Previous biochemical characterization of the ShCAST system(5) and work presented here indicates that programmed insertion of the DNA element occurs at a fixed distance from the protospacer in a single orientation. From these structural studies, we form a comprehensive picture that reconciles ShCAST TnsC’s seemingly disparate proposed roles in target-site selection (Figure 5 and Movie S2) which draws strong mechanistic parallels with MuB(30, 33). Our cryo-EM structures of ATP-bound TnsC reveals filaments that polymerize unidirectionally in the 5’ to 3’ direction. We hypothesize that such filaments represent a ‘searching’ state that would encounter the Cas12k-TniQ defined target-site, with a specific polarity, on the PAM distal side of the effector. Our cryo-EM structure of TniQ-TnsC reveals the potential nature of this association at the target-site: only one face of TnsC forms productive interactions with TniQ. Enticingly, an ability of TnsB (possibly bound to the transposon ends needed for integration) to ‘follow’ TnsC to the chosen target-site could draw the element to the integration site marked by TniQ, as a similar process drives plasmid partitioning systems using ATPases(34). Interestingly, our model also accounts for the ‘immunity’ process previously reported for the ShCAST system that prevents multiple insertions from occurring at the same protospacer (5). In the post-hydrolysis state, we observe that TnsC is incapable of forming a filament. While the exact form of TnsC in the active integration complex remains to be resolved, our results suggest how TnsC filaments interact with a Cas12k-TniQ complex with the right polarity and how TnsB-mediated ATP hydrolysis defines a shortened, integration-competent state.

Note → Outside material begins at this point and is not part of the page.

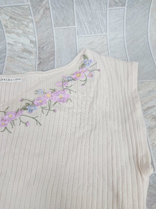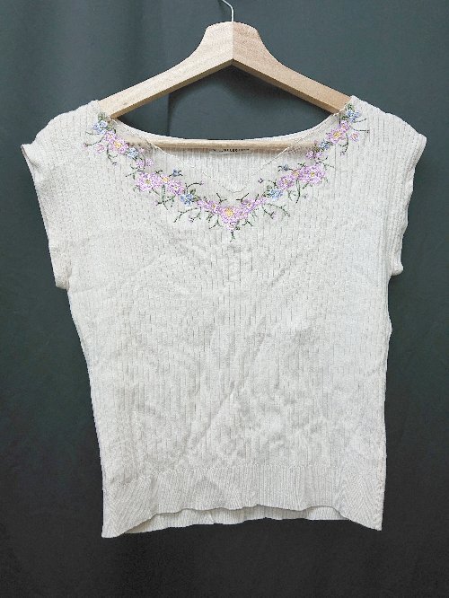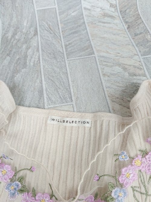 ◇ WILLSELECTION ウィル 花柄 刺繍 フレンチスリーブ カットソー サイズM ピンクベージュ レディース P
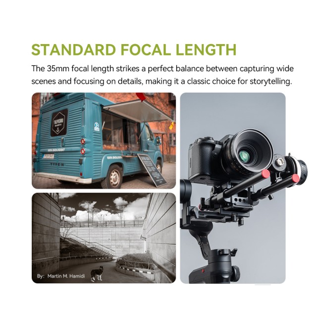 Das TTArtisan 35 mm T2.1 Canon RF ist ein manuell fokussierbares Vollformat-Kinofilmobjektiv für Filmemacher , die scharfe Optik, kinoreife Tiefe und volle kreative Kontrolle verlangen. Mit seiner lichtstarken Blende von T2.1, der präzisen manuellen Fokussierung und der robusten Ganzmetallkonstruktion ist es die ideale Wahl für professionelle Videoaufnahmen.

Figure 5. Mechanistic model describing TnsC’s role in target-site selection.

Figure 5.

TnsC promotes exploration of alternative target-sites by polymerizing along DNA. (A) ShCAST elements may exist in mobile plasmids or in attachment sites (indicated by purple segment) within bacterial chromosomes. TnsB around the previous insertion sites (red circle) triggers TnsC depolymerization (indicated with black bars) thereby rendering sites ‘immune’ to insertion. (B-E) Results are summarized using a conceptual cartoon describing TnsC function. Movie S2 summarizes the same information using the reported structures. (B) TnsC polymerizes unidirectionally along DNA (green semi-circles) on either strand in the presence of ATP in the 5’ to 3’ direction. (C) Once TnsC encounters Cas12k-TniQ it is prevented from polymerizing further and forms a complex with TniQ. (D) TnsB (bound to the terminal ends of the transposon) is able to stimulate TnsC depolymerization and simultaneously be recruited to the target-site. (E) TnsC is disassembled to a finite oligomeric assembly (indicated by green triangle that represents a conformational change that is unable to support a continuous helical filament), which allows integration a fixed distance from the protospacer.

We have also shown that TnsC induces a distortion in its DNA substrate by enforcing the helical parameters of the TnsC filament onto the DNA. Although the implications of this slight unwinding of the DNA requires further exploration, it is tempting to speculate that this distortion could be crucial for its function. DNA distortions are a generally utilized driving force for integrases(35). As such, the high potential energy stored in the distorted DNA can be harnessed by the TnsB transposase machinery in order to facilitate forward transposition, or alternatively, may play a role in ensuring stable binding of TnsC at the target-site. In prototypic Tn7, it has been established that TnsABC transposes at a specific position in a single orientation using a DNA distortion induced by TnsD(TniQ)(36). Interestingly, a similar spacing paradigm has been proposed with the prototypic Tn7 system, but where a different mechanism is used to accomplish the same spacing feature and distribution of binding interfaces on opposite sides of TnsC(37). In the absence of TnsD, a DNA distortion associated with triplex DNA is sufficient to initiate TnsC recruitment(38), suggesting that TnsC presents a pre-distorted DNA to the TnsB transposase to accommodate target DNA. Our results indicate that in the Cas12k system TnsC introduces distortions in DNA upon binding, suggesting that the roadblock of the TniQ-Cas12k complex may constrain this distortion information and passing it to the TnsB transposase to allow access to target DNA to license transposition.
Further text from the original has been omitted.